__ASSIGNED TASK__: Copy the listing below in full and skip every picture.

─── DATASET CONTENT

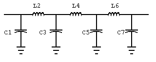 The second example shows design of a low-pass filter, such as used for TVI suppression.. An attenuation of 30 dB is specified at 54 MHz, while a loss of 1 dB is specified at 28 MHz. This filter would require 7 elements, and its response over 5 to 55 MHz is shown in the table.
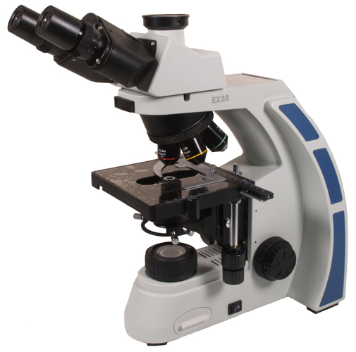 This is a microscope used only by ourselves to assess as potentially a new addition to our range. Suffice to say we are very impressed with its quality and will be adding it to our range very shortly. This is a trinocular microscope which shares the image between the binocular head and the trinocular tube. The objectives are excellent infinity corrected plan objectives x4, x10, x20, x40 and x100 oil immersion. Super wide field eyepieces x10 are suitable for spectacle wearers. The mechanical stage is particularly impressive and will allow two slides to be placed one behind another and then both viewed directly. Coaxial coarse and fine focus system. Additionally there is a digital screen to the front of the base which shows the magnification of the objective in use together with the colour temperature of the light . Kohler LED illumination. A superb state of the art microscope
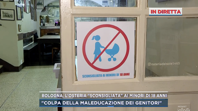 A Bologna il titolare dell'Osteria del Sole "sconsiglia" con un cartello l'ingresso ai minori di 18 anni, anche agli stranieri. "Non abbiamo nulla contro i bambini, questa è una storia legata alla maleducazione dei genitori, serve buonsenso. I bambini vanno tenuti a tavola educatamente" dice il titolare all'inviato di "Mattino Cinque News".
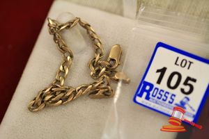 A STAMPED 9CT YELLOW GOLD, FANCY CHAIN BRACELET. GATE LINK STYLE WHICH MEASURES 23CMS INCLUDING PARROT CLASP & PADLOCK & WHICH WEIGHS 19.3GRAMS. (VALUATION $300.00) (KF - 7835) (IR - 041016 1300 16203/13)

──────

__EXERCISE RESULT__:
 The second example shows design of a low-pass filter, such as used for TVI suppression.. An attenuation of 30 dB is specified at 54 MHz, while a loss of 1 dB is specified at 28 MHz. This filter would require 7 elements, and its response over 5 to 55 MHz is shown in the table.
 This is a microscope used only by ourselves to assess as potentially a new addition to our range. Suffice to say we are very impressed with its quality and will be adding it to our range very shortly. This is a trinocular microscope which shares the image between the binocular head and the trinocular tube. The objectives are excellent infinity corrected plan objectives x4, x10, x20, x40 and x100 oil immersion. Super wide field eyepieces x10 are suitable for spectacle wearers. The mechanical stage is particularly impressive and will allow two slides to be placed one behind another and then both viewed directly. Coaxial coarse and fine focus system. Additionally there is a digital screen to the front of the base which shows the magnification of the objective in use together with the colour temperature of the light . Kohler LED illumination. A superb state of the art microscope
 A Bologna il titolare dell'Osteria del Sole "sconsiglia" con un cartello l'ingresso ai minori di 18 anni, anche agli stranieri. "Non abbiamo nulla contro i bambini, questa è una storia legata alla maleducazione dei genitori, serve buonsenso. I bambini vanno tenuti a tavola educatamente" dice il titolare all'inviato di "Mattino Cinque News".
 A STAMPED 9CT YELLOW GOLD, FANCY CHAIN BRACELET. GATE LINK STYLE WHICH MEASURES 23CMS INCLUDING PARROT CLASP & PADLOCK & WHICH WEIGHS 19.3GRAMS. (VALUATION $300.00) (KF - 7835) (IR - 041016 1300 16203/13)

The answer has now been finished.